JNU’s admission policies are reviewed every five years. When I was their vice-chancellor (VC), I gave the students union some money to organise debates on this. The business of deprivation points came up. The radicals wanted many deprivation points around the merit criteria to give weightage to backwardness. At least 50 points out of 1,000. The opposite was also argued. The alums who came in were persons like Prakash Karat, Sitaram Yechury and Anand Sharma, all former JNU-ites. Also, outside experts like the historian Barun De and others, joined. Finally, we agreed on 10 deprivation points out of a total score of 1,000.
Around the admission range there is a struggle. At each point there are scores of kids. The VC’s job between June-end and August 15 when it all closes, is just to protect the unique, totally foolproof and non-tamperable admission system from the pressures of the highest in the land. A few deprivation points will matter.
In the final admission system, it was decided, after a lot of bloodletting, that if you were a girl, poor and did your qualifying degree from the poorest quartile of districts, you got 10 points.

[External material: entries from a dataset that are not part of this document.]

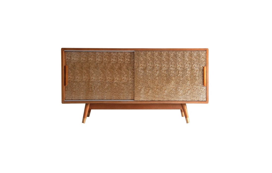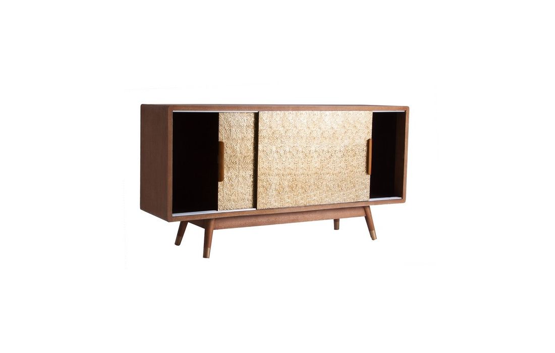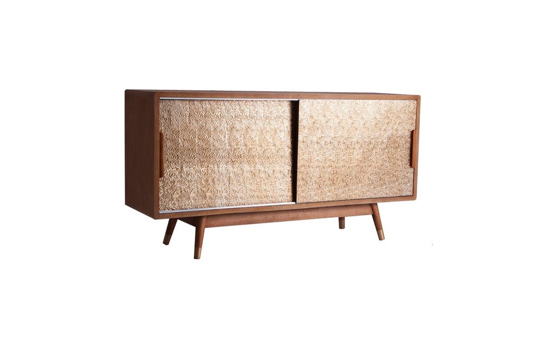 Aparador feito em MDF combinado com aço dourado, composto por duas portas de correr com detalhes em relevo em dourado.
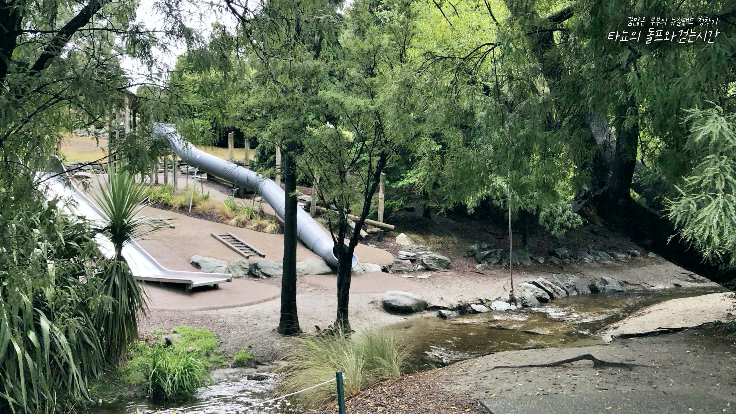 돌아 돌아 건너편 놀이터로 갔지요. 미끄럼틀이 워낙 길어서 타고 싶었는데, 다 젖어서 탈 수가 없었어요.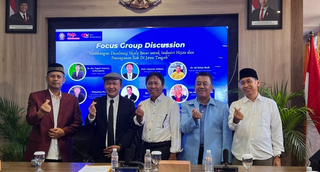 Hal ini mengemuka dalam FGD “Membangun Desalinasi Skala Besar untuk Industri Hijau dan Penanganan Rob di Jawa Tengah“, yang diselenggarakan oleh KBK Departemen Politik dan Ilmu Pemerintahan FISIP Undip pada 29 Oktober 2025.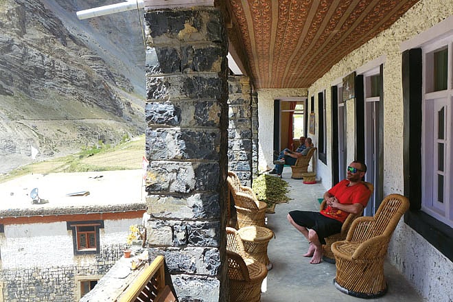 It&rsquos so remote that there aren&rsquot even the sort of electric lights that may be seen in towns like the better known Tabo, which is about a couple of scenic hours of driving away. Now imagine the night sky here, with stars sparkling like scattered diamonds. The Parahio River flows past this painterly scene, its water as pure as the banks are clean. Phukchong, situated away in the remote buffer zone of the Pin Valley National Park (just walk over to the NP), is a hamlet where tranquillity resonates soul-deep. It&rsquos not surprising that the village is the other-worldly location of a monastic retreat where monks and nuns withdraw to cottages that serve as their abode for months or even years, their spiritual master and the person who delivers them their sustenance being their only contact with the outside world. The owner of The Hermitage is also the latter. Among other things, he has a greenhouse to grow fresh fruits and vegetables, too. Spiti Ecosphere collaborated with him to create this lovely family-run guesthouse with four rooms on the ground floor, three rooms on the first, and a cosy lounge that invites visitors to put up their feet and get convivial. The locally styled aesthetic, with design inputs from Spiti Ecosphere, is charming and irresistible&mdashthe exteriors are made of a lot of strong stone but the interiors are warmly woodsy. Expect to enjoy hearty home-style north Indian food, and local specialities like piping hot thukpa and momos.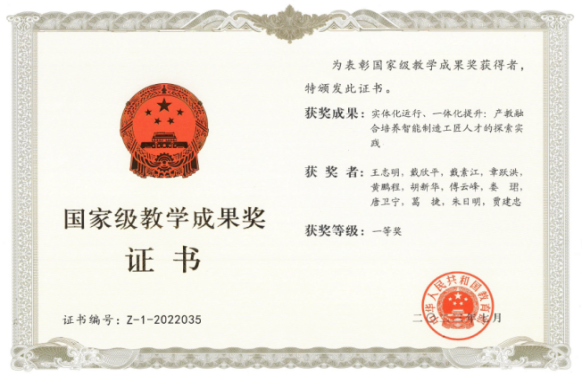 ——国家级教学成果一等奖《实体化运行、一体化提升:产教融合培养智能制造工匠人才的探索实践》,2023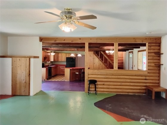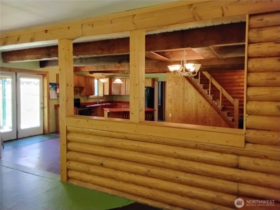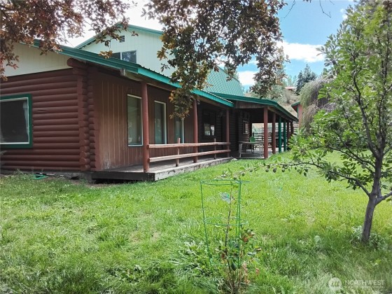 Customize your own rustic log cabin on 3+ acres in Pinecrest Estates—just 15 minutes from Omak or Tonasket! Stay cool in summer and cozy in winter while enjoying privacy in a community. The oversized 2-car garage features a finished bonus room, and the fully fenced yard is complete with garden space, a chicken coop with a run, and mature permaculture plantings, including organic pears, three varieties of cherries, grapes, and raspberries. Inside, the open-concept design features recessed lighting, a spacious kitchen with a large island, and an abundance of natural wood charm. With one bedroom on the main level and two upstairs, this home blends comfort, character, and endless potential for your personal TLC!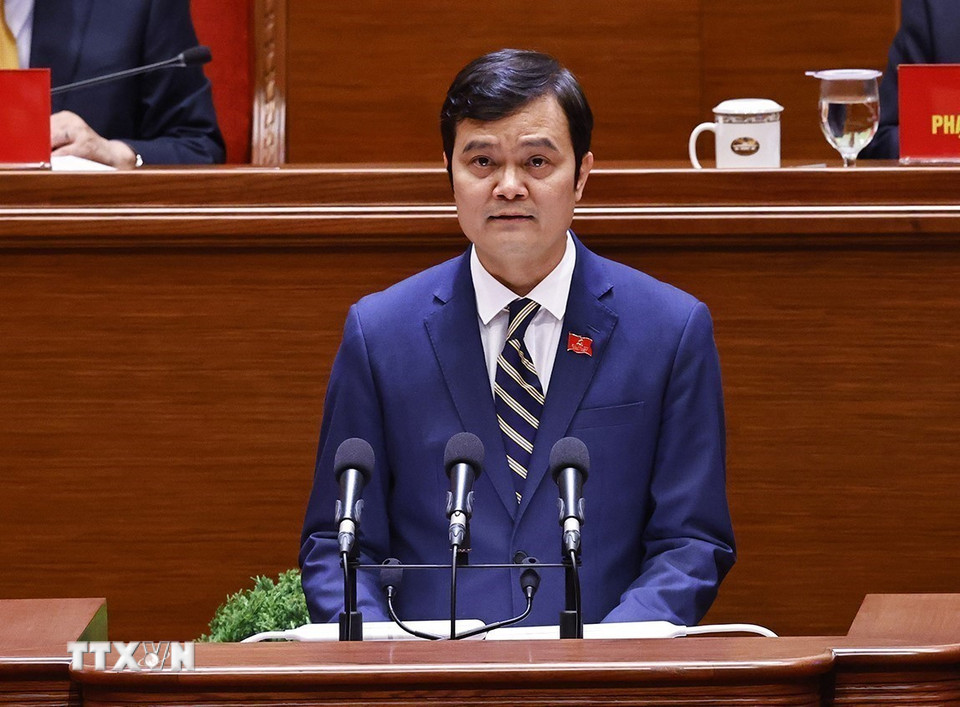 Đồng chí Bùi Quang Huy, Ủy viên dự khuyết Trung ương Đảng, Bí thư thứ nhất Trung ương Đoàn, Phó Chủ tịch Ủy ban Trung ương Mặt trận Tổ quốc Việt Nam tham luận tại Đại hội. Ảnh: TTXVN |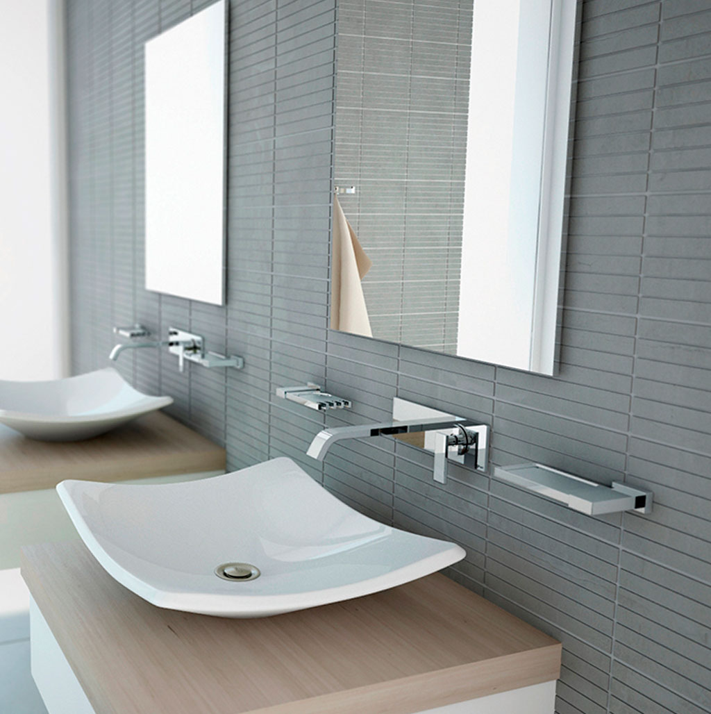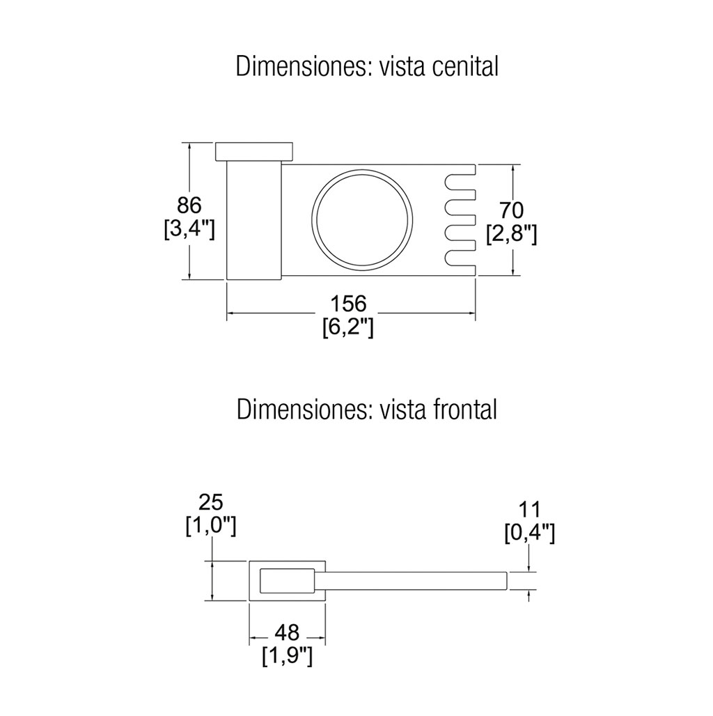 Cepillero Helvex Vertika fabricado en latón con acabado cromado, pensado para organizar cepillos de dientes en baños con estilo y orden.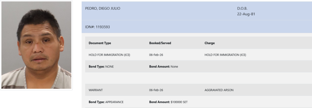 Investigators determined that the fire had been set intentionally, and surveillance video showed Pedro placing a container of flammable liquid onto the porch of the home and setting it on fire. He allegedly had been in an argument with one of the occupants of the home about a “perceived money debt.”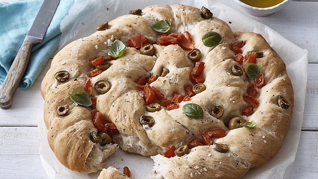 - Olivy rozkrájíme na poloviny. Rajčata omyjeme, odstraníme semeníky a dužinu nakrájíme na malé kousky. Focacciu posypeme oreganem a hrubou solí. Ve spojích ji poklademe připravenými rajčaty a olivami. Pečeme v troubě předehřáté na 200 °C asi 15 minut dozlatova. Po upečení necháme vychladnout na mřížce. Před podáváním dozdobíme bazalkou.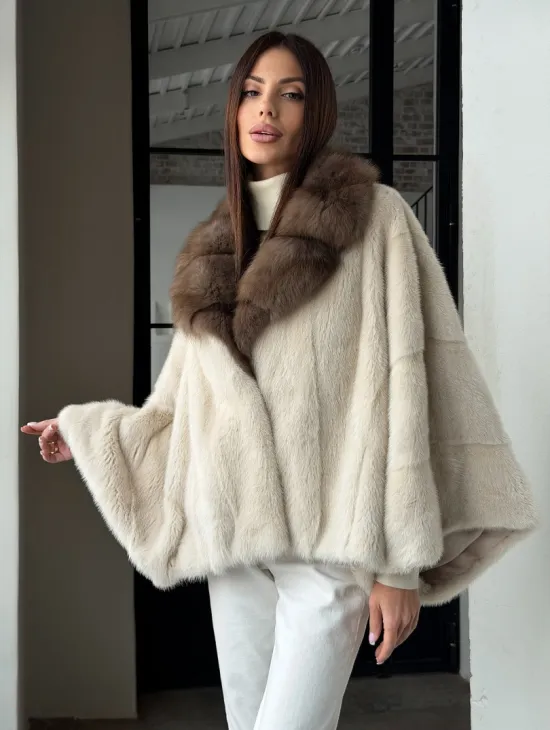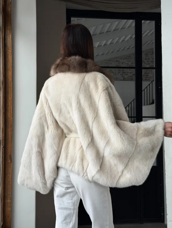 Мех данной шубы аукционная норка , цвет белый. Предлагается в размерах от 40 до 54 (oversize). Длина модели 75-80 см, что выгодно подчеркивает фигуру девушек. Эта модель идеально подойдет для девушек и женщин, предпочитающих роскошные натуральные меха.
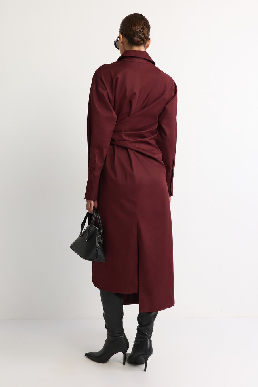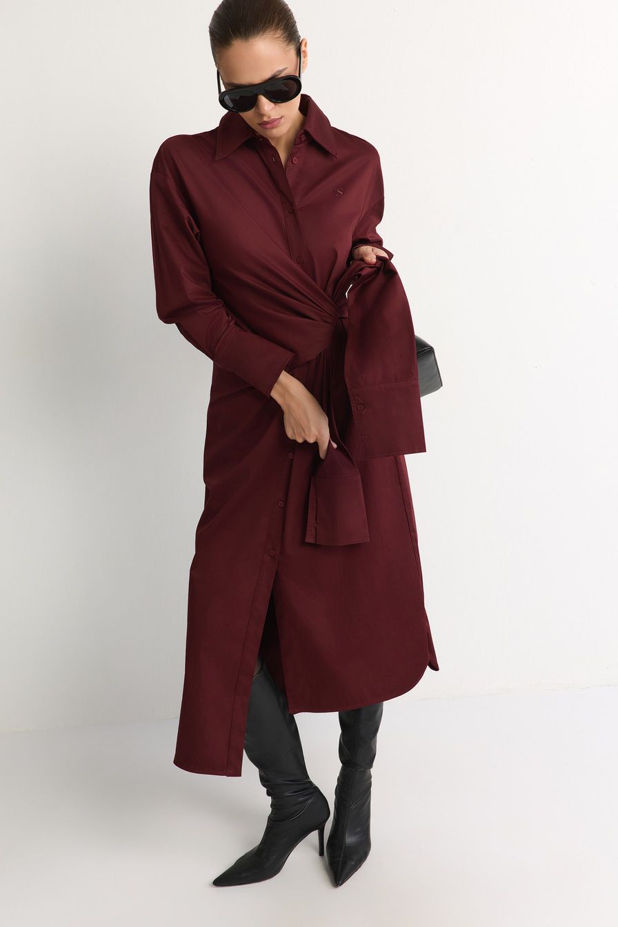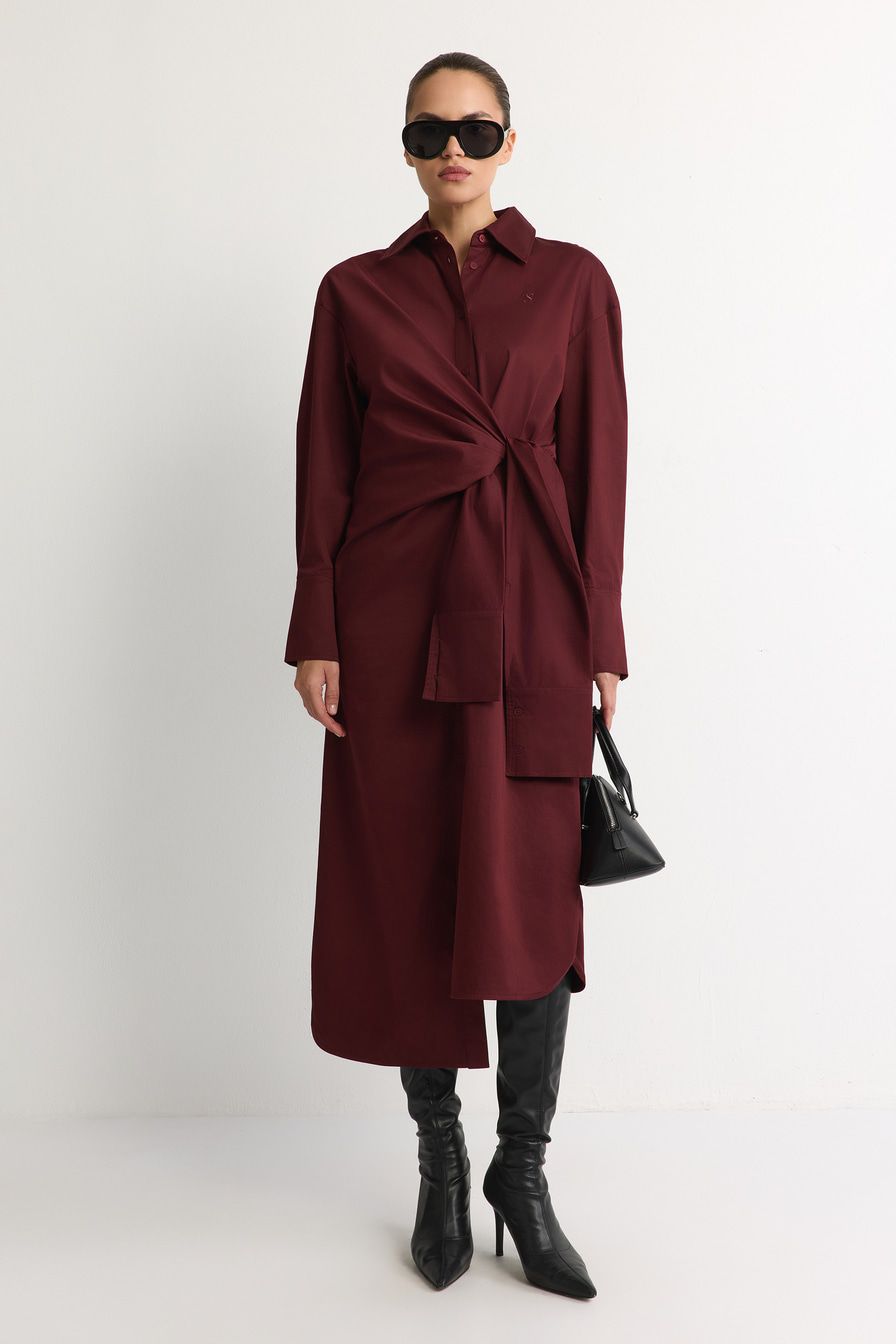 Бордовое платье-рубашка из смесового хлопка – модель свободного асимметричного кроя. Платье дополнено декоративными рукавами, которые завязываются на талии.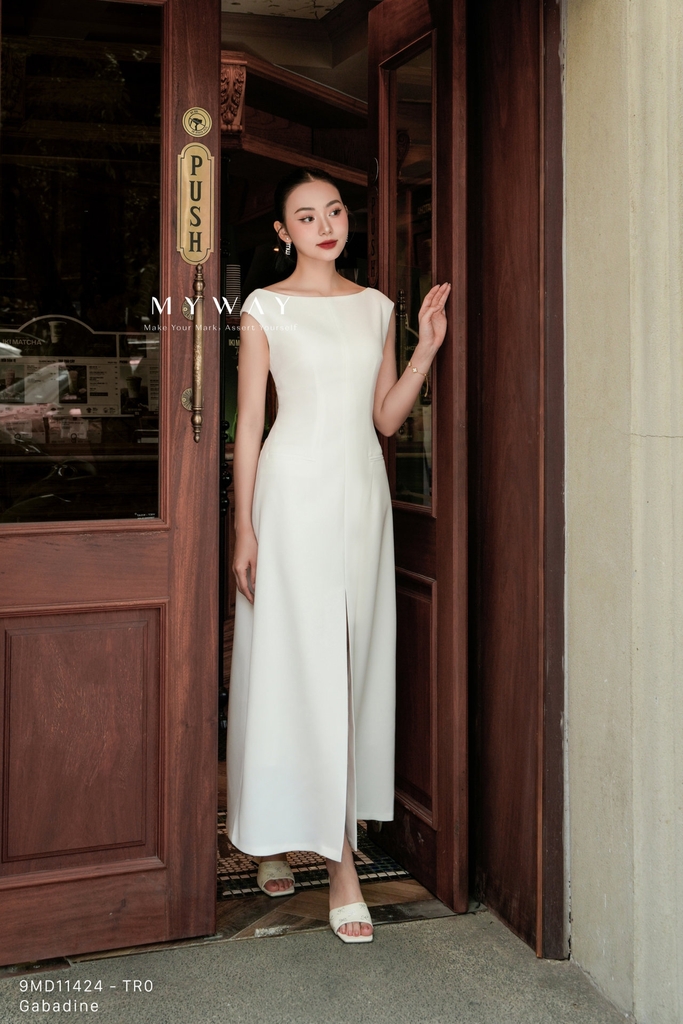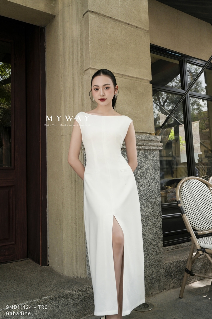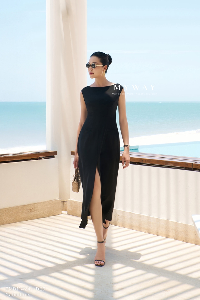 Đầm xoè dáng trên ôm, dưới xoè, cổ biến kiểu, có chiều dài qua bắp. Thiết kế không tay trẻ trung, không túi, có lót, A cổ lọ. Thiết kế mang tông đen/ trắng sành điệu, kết hợp chi tiết xẻ trước quyến rũ mang lại cảm giác hiện đại, trẻ trung. Dáng chiết eo giúp vòng 2 nhỏ gọn thanh mảnh kết hợp vải Gabadine ít nhăn, phóng khoáng để nàng nổi bật khi xuất hiện bất cứ đâu.

At the other end, if a boy and poor, you got three. Eight kids made it on account of deprivation thus defined. The radicals went for me hammer and tongs. Only eight! I told them that eight is a lot and my job was to run the best university in the country. I will work for the revolution after I leave JNU.
N.C. Saxena picked it up when he was planning secretary. He did what I wanted, although haltingly. He introduced deprivation points in the national poverty debate. To my regret, he did not change the Alagh Poverty Line but within it, introduced deprivation points to enable entitlements to plan benefits. Arvind Panagariya inherits that and his vision for the next three years is out. Not the chhota press version for those who can’t read and must see PPTs, but a regular plan document. There is something about this planning business. You can say, abolish it, wipe it out, Mahalanobis stuff, and then, you come out with the same; of course, taking into account the changes taking place and of course, the natural fact that you will do better. The ghosts of Yojana Bhavan haunt you; the urge to do better is natural.
So, the document has all the planning and policy chapters and we will, of course, discuss them again. There are targets, financial resources, regional development and sectoral strategies, the works. It starts: “the signs of change began to emerge during the second half of the 1980s, with 1991 proving a turning point. The reforms that followed first under Prime Minister Narasimha Rao and then under Prime Minister Atal Bihari Vajpayee, placed India first on a six per cent growth trajectory and then, beginning in 2003-04, on an eight per cent plus trajectory (emphasis added).’’ Discussing MGNREGA, it says: “Therefore there is a need for developing inclusion, exclusion and deprivation criteria (emphasis added)”. Panagariya’s preliminary thoughts on poverty in a separate note say the same. It’s business as usual; only the Niti Aayog doesn’t disburse. Deprivation points are safe at the meta level, but not in JNU.